We can conclude from these observations that: 1) the chest-wall muscles, where visible, normally present higher HbT and sharper edges in the image; 2) the glandular regions within the coverage of the optical detectors have a roughly 10% increase in the HbT images; 3) both fatty and dense breasts show less variation within the image than the heterogeneous group; 4) for some cases, a region of slightly decreased HbT can be seen partially overlapping on the glandular area around the central part of the breast.
C. Pressure Simulations
The presence of a decreased-HbT region in some images is a unique feature for this study and deserves further explanation. As we know, mammography scans are typically associated with applying large compression to the breast. It is reasonable to assume that the blood in the tissue is redistributed, driven by the gradient of tissue internal stress. In this case, we would expect lower-HbT content in the region where tissue stress is stronger.

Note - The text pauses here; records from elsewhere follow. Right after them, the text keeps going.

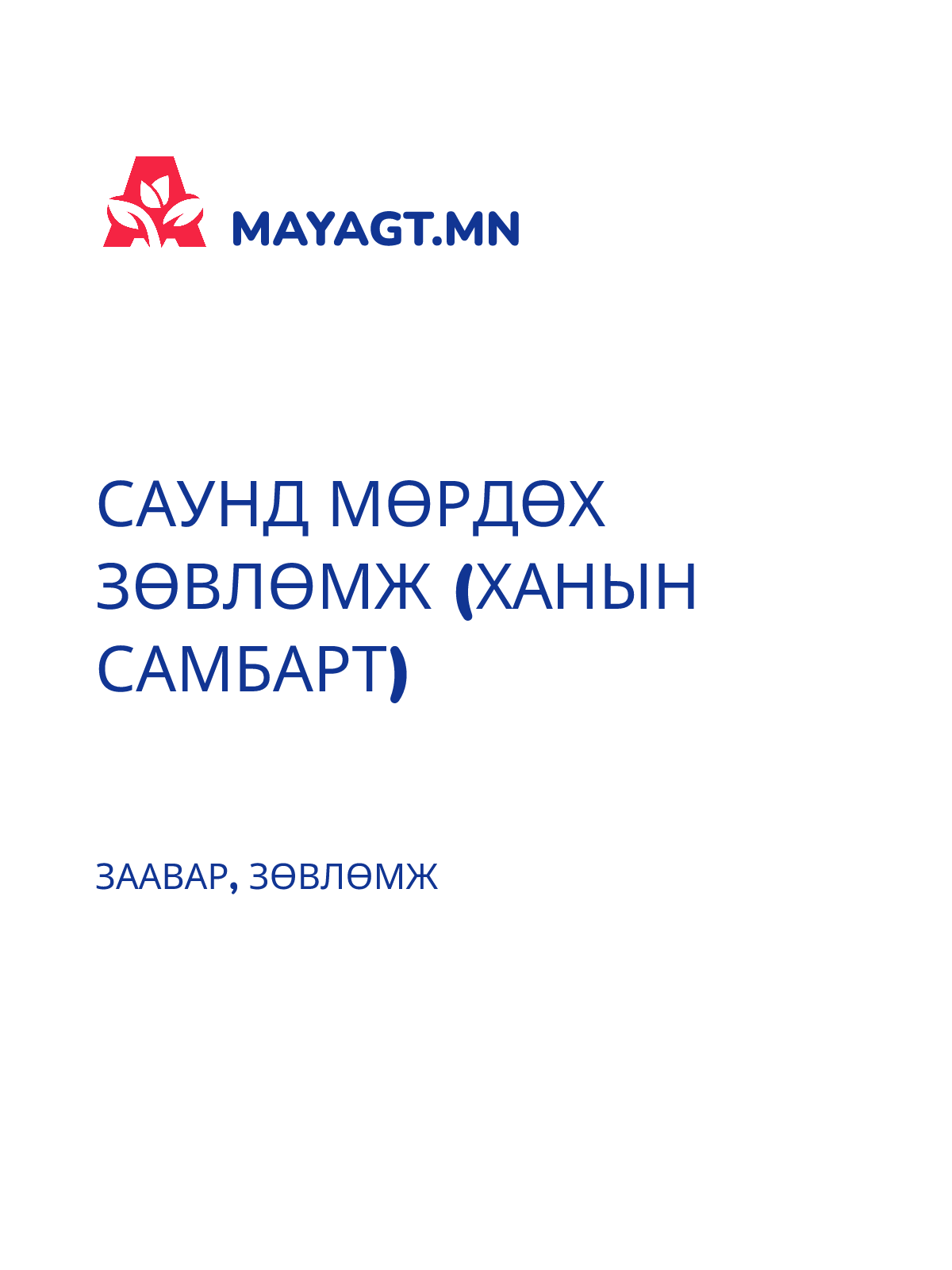 САУНД МӨРДӨХ ЗӨВЛӨМЖ (ХАНЫН САМБАРТ)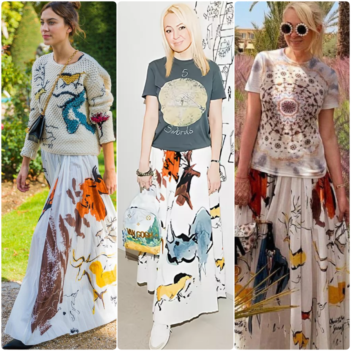 Яна Рудковская, российская продюсер и светская львица, часто оказывается в центре внимания благодаря своим стилевым решениям. Анализируя её наряды, нельзя не заметить, что некоторые из них уже были замечены на мировых знаменитостях. 🤩 Некоторые критики пускают в ход язвительные комментарии, утверждая, что Яна «бесстыдно копирует» образы звезд. Но давайте взглянем на это с другой стороны! На мой взгляд, все мы можем позволить себе носить то, что нам нравится, даже если это напоминает наряды других. Яна обладает потрясающей фигурой, что позволяет ей выглядеть великолепно в платьях с подиумов. Давайте же оценим, кто выигрывает в этой модной битве! Лук 1: Белая юбка в пол Dior — кто лучше? Первый лук, который стоит обсудить, - это белая юбка в пол от Dior с ярким принтом. На Яне Рудковской она была дополнена довольно простыми футболками с принтами. В это время Алекса Чанг выбрала смелый свитер с узорами в виде животных. Обе девушки выглядели шикарно, однако коллекция Dior, из которой юбка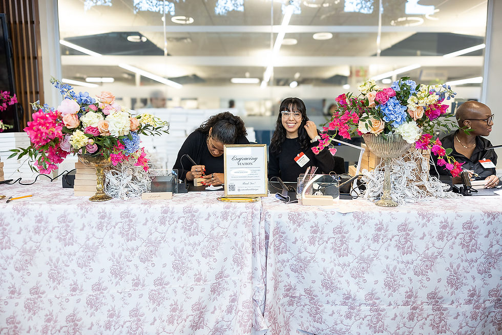 The transformation of Building 3 at the Dell Campus began with the breathtaking work of Jordan Flowers and Events, who filled the room with cascading wisteria, smilax greenery, lush boxwood hedge wall backdrops, and dramatic floral columns. Bee Lavish layered in old-world charm with a curated vintage lounge vignette and a stunning entry bar, while Premiere Events dressed every surface in rose party toile and blush velvet linens. Together, they created a space that felt like stepping onto a Regency estate set.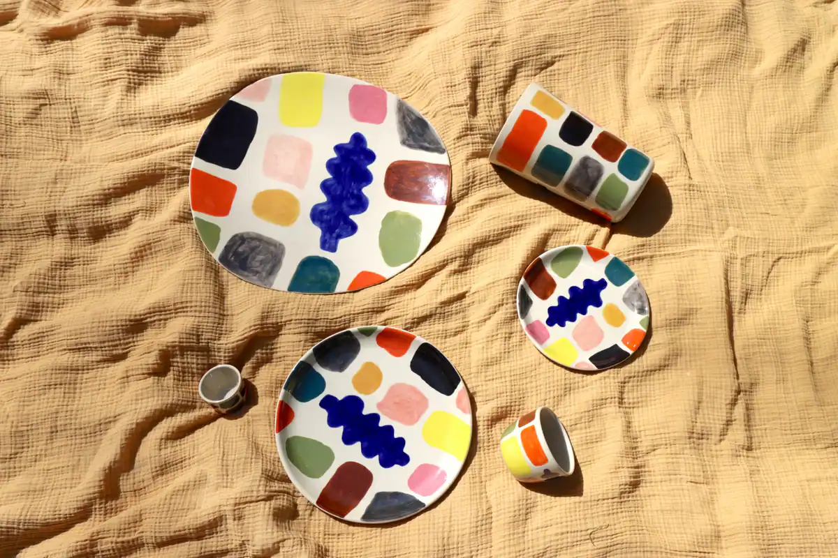 The new Mottle Ceramics range by Donna Wilson is the latest addition to our Stoneware collection and has a colourful abstract design, inspired by an artist’s painting palette.

The key component to validating the hypothesis above is to obtain the stress distribution and correlate it with optical images. To accurately model the breast under large deformation is fairly complicated and beyond the scope of this paper. In this section, a mechanical simulation is presented under simplified assumptions to qualitatively support our hypothesis.

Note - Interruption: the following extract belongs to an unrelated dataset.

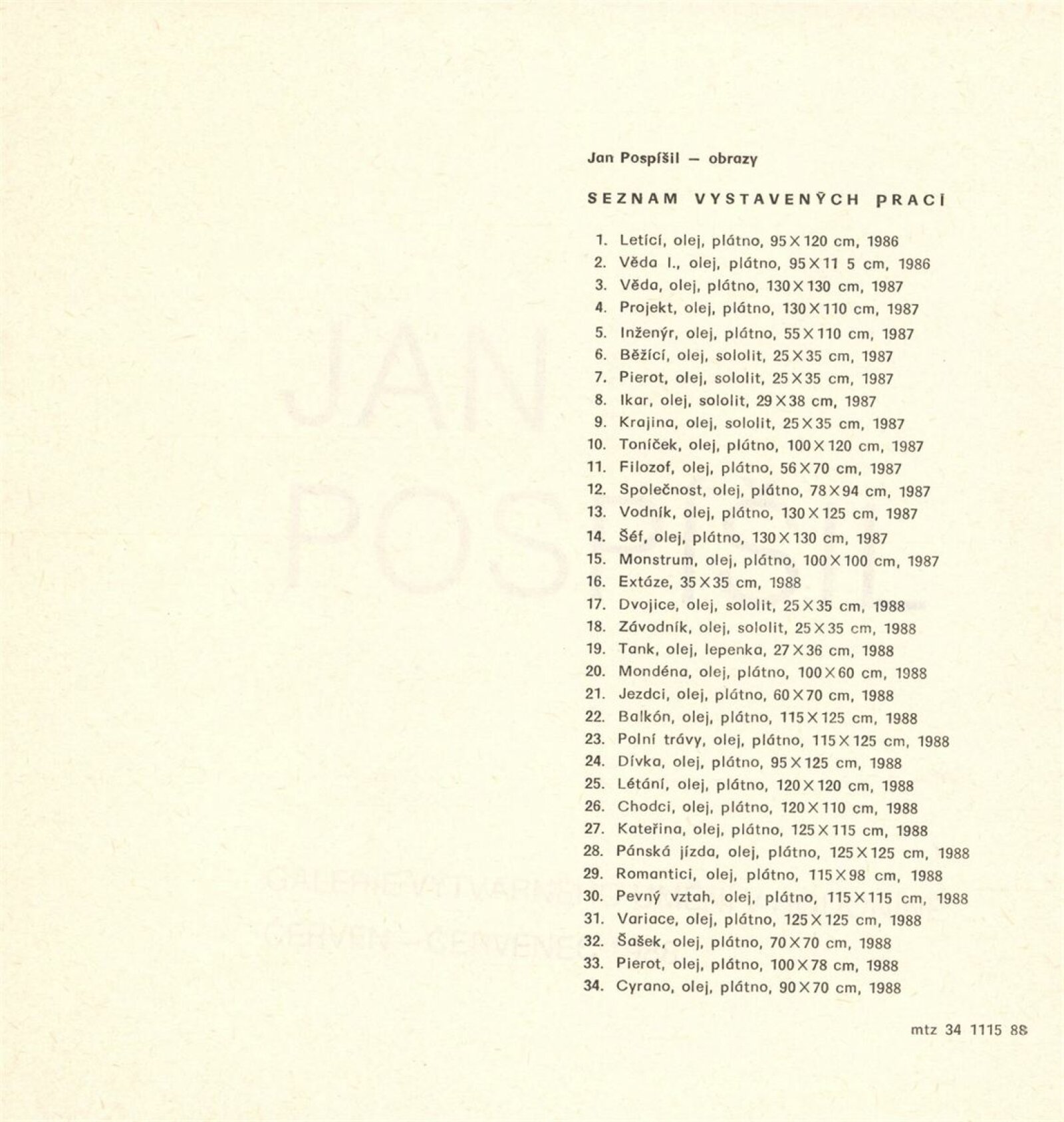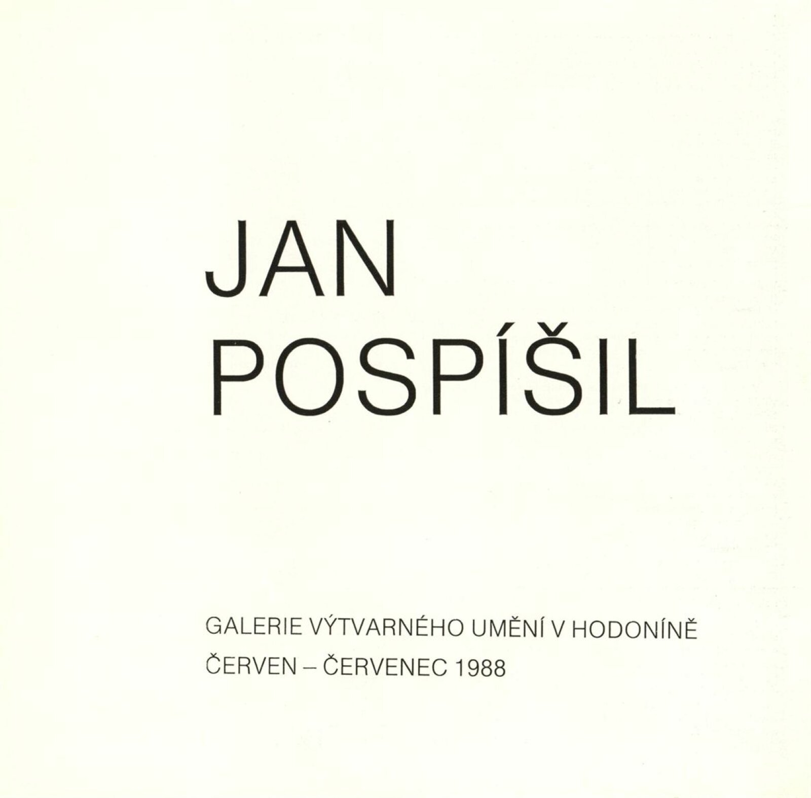 Jan Pospíšil. Obrazy: Dům umění, Galerie Jaroslava Krále 13. 10. – 13. 11. 1988 / Převzatý katalog. Jan Pospíšil. Malba: Galerie výtvarného umění v Hodoníně, červen–červenec 1988 / Text Josef Fantura. – Hodonín: Galerie výtvarného umění, 1988. – [10] s., obr., seznam vystavených prací [1] s., DU 85. – MZK; MG

The simulation was performed with multiphysics software ANSYS ED. The simulated breast geometry is shown in . It was created by cutting a sphere with a radius of 8 cm centered at the origin by three planes at
z = -3 cm,
z = 3 cm, and
y = 2 cm, respectively, and subsequently scaling the model in the
z axis by a factor of 5/6. The breast model was treated as a linear isotropic material with Young's modulus of 25 MPa and a Poisson constant of 0.48 (for semi-volume-preserving) [
56]. Two displacement boundary conditions were applied to the upper and bottom surfaces, respectively, with Δ
z = -0.2 cm at the top and Δ
z = 0.2 cm at the bottom. No constraints were applied for the
x and
y directions for the two flat surfaces and other surfaces.
The von Mises stress plots on the (x,y) and (y,z) cross sections of the compressed breast are shown in . As hypothesized, the center part of the breast has higher stress than the periphery regions. Driven by the gradient of the internal stress, the blood in breast tissue will be “squeezed” away from the high-stress regions and results in the low HbT regions in the images shown in the previous section.

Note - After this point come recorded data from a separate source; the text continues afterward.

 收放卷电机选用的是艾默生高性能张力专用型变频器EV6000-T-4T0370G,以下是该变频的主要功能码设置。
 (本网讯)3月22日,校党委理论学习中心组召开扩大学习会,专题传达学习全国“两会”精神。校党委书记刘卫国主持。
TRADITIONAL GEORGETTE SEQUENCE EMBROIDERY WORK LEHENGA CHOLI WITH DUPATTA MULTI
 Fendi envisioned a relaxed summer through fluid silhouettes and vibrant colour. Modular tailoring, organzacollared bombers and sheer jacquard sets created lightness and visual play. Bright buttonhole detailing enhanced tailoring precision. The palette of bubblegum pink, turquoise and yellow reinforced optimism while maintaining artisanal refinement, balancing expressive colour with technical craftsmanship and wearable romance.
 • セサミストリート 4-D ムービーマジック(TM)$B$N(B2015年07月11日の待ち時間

One must note that the simulation shown above presents a simplified view of the effect of compression on breast tissue. These static features of stress distribution provide a qualitative justification for the patterns of hemoglobin distribution observed in our reconstructed images. However, the establishment of pressure gradients due to external compression sets in motion several other processes [
25].
Immediately after breast compression, external force leads to an instant increase in interstitial fluid pressure in the breast sufficient to squeeze some of the blood out of the tissue and consequently leads to an immediate drop in overall blood volume. At the same time, breast tissue (and biological tissue in general) is visco-elastic [
56], meaning that the stress-strain response curve of breast tissue is different from that of linear elastic materials in that it exhibits “creeping” (relaxation) due to water movement and collagen matrix reorganization [
57], [
58]. Also, the breast has a heterogeneous internal structure composed of both higher stiffness fibroglandular tissue as well as less stiff adipose tissue. Furthermore, breast tumors have been shown to have even higher stiffness [
59] and interstitial pressure [
60] than normal breast tissue. The combined effect of these features is a dynamic stress redistribution following compression manifested by a partial return of blood to tissue and stress/strain transfer from the stiffer areas to the less stiff ones.
The additional complexities of the tissue compression response also represent an opportunity for identifying dynamic characteristics useful in cancer diagnosis. However, this is beyond the scope of the current publication.